The Nature article, in combination with the ignorance of how to compare data analysis results fairly that’s been obvious since the 1960s, brings to mind this scene from Twin Peaks: The Return:
Kinda weird coincidence with your linking to Andrew Gelman’s (important) paper.
Last week I started reading “The Origin of Consciousness in the Breakdown of the Bicameral Mind” by Julian Jaynes and noticed how heavily he leans on the notions of metaphor and analogy*. Since these are central to Bertrand Russell’s relation arithmetic**, one of the landmark language model achievements was Peter Turney’s matching college bound senior performance on verbal analogy tests and Turney named his blog “apperception”, I decided to search for what Turney thought of Jaynes’s approach to cognition.
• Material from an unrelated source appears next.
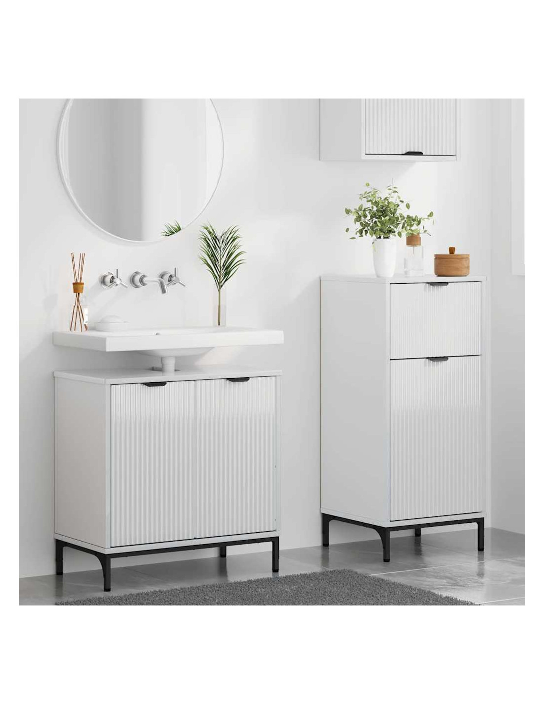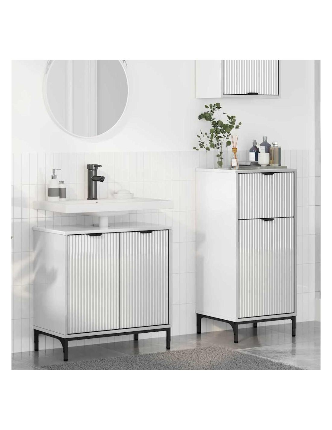 Questo set di mobili da bagno in legno ingegnerizzato ha un comò alto e una credenza, il che lo rende perfetto per organizzare il bagno. Con la sua superficie liscia e uno stile moderno, si integra perfettamente negli ambienti contemporanei, regalando un aspetto elegante e raffinato. Ideale per chi vuole tenere in ordine con stile, il suo design rettangolare si abbina facilmente agli accessori già presenti, creando un'atmosfera accogliente nel bagno.

Lo and behold, what should come up but Gelman’s blog:
Moreover, quite independent of this, I’d been trying to come up with a way of describing what is wrong with the current language models to a potential underwriter of the Hutter Prize and had decided that formalizing the concept of “critical thinking” with examples structured in a manner not unlike that which Gelman’s blog entry on Jaynes set forth regarding “model checking” might get the idea across.
* analogy, for example, being “relational similarity”
** relational similarity forms the basis for Russell’s notion of relation numbers thence a mathematical handle on the structure of the empirical world including numbers that have dimensionality that are absent in the foundation of arithmetic (hence programming languages’ risible inability to deal correctly with units and dimensions), and I basically sacrificed my career status by threatening to resign from HP’s “Internet Chapter 2” project if they forced me to hire H-1bs from India rather than another co-“colonizer”, Tom Etter, to revive relation arithmetic.
I decided to go looking for what passes for “critical thinking” out there nowadays and end up damning GPT4 with faint praise:
Running GPT4 through some standard “critical thinking” tests given to employees; the following test question showed that, compared purple and green haired Human Resource Department “studies” major critters, GPT4 came off as less woke.
Should banks and financial institutions be obligated to engage in socially-responsible investing?
Yes, engaging in socially responsible investing leads to a happier and more fulfilled workforce compared to banks which do not engage in socially-responsible investing.
Correct answer: STRONG
The argument addresses the question directly, and offers two clear advantages of the premise described in the statement, directly addressing the question and presenting a strong argument.
GPT4: This argument is considered weak because it makes an assumption without offering substantial evidence or clear linkages. The happiness and fulfillment of a workforce are influenced by numerous factors, not just the bank’s investment strategies. Additionally, the argument does not explain how socially responsible investing leads directly to workforce happiness and fulfillment. Thus, the argument is not entirely convincing in obligating banks for socially-responsible investing solely based on employee satisfaction.
Looking into Cosma Shalizi’s work might also be interesting.
It’s always nice to see folks taking “causality” seriously enough to at least devote effort to a recommended reading list.
Unfortunately despite Shalizi having invested a great deal of care and effort in the topic, and despite his site, bactra.org having numerous hits regarding algorithmic information, he just doesn’t seem to get the forest for the trees. His numerous references to Judea Pearl on that page are why I reserve my vitriol for Turing Awardees (and other hood ornaments) that have no excuse, as they misled and are misleading generations with “forest for the trees” pedantry.
It really is as simple as understanding that any pretense of natural science presupposes calculation and this is what Ray Solomonoff’s 1960s proof assumed in concluding that you can’t do better than the algorithmic information criterion for model selection* – well, except for what Tom Etter and Pierre Noyes were trying to tell people regarding their radical approach to “the quantum core” as I previously posted here:
But that’s a whole other fork in the road in which “the arrow of time” is more analogous to the arrow of gravitational force emergent from a new science with process, information and structure as the primary categories rather than time, space and matter. See Outline of a New Science by Tom Etter.
* “model selection” is, of course, only one stage of scientific activity. But it is worth focusing on because you can’t even begin decision-making until you have selected a model upon which to base your decision tree with all it’s “what if” nodes. All the noise about “causality” leading to the relatively sophisticated understanding about “p-hacking” are 2 levels of intellectual rigor behind Algorithmic Information approximation as causal model selection. We should, long ago, have abandoned attempting to predict things on the basis of Pearl’s DAGs (Directed Acyclic Graphs) and gone to DCGs (Directed CYCLIC Graphs) which immediately and obviously takes you out of the dead end of trying to focus on only one dependent variable at a time hence “p-hacking”.
By “long ago” I mean at least as far back as when John Tukey’s student, Charlie Smith found DAGs inadequate to model the energy economy of the US during founding the DoE’s EIA, thence departed to start the second neural network summer in the 1980s at the System Development Foundation where he financed the guys who were trying to do dynamical systems modeling of nervous systems (ie: DCGs/RNNs).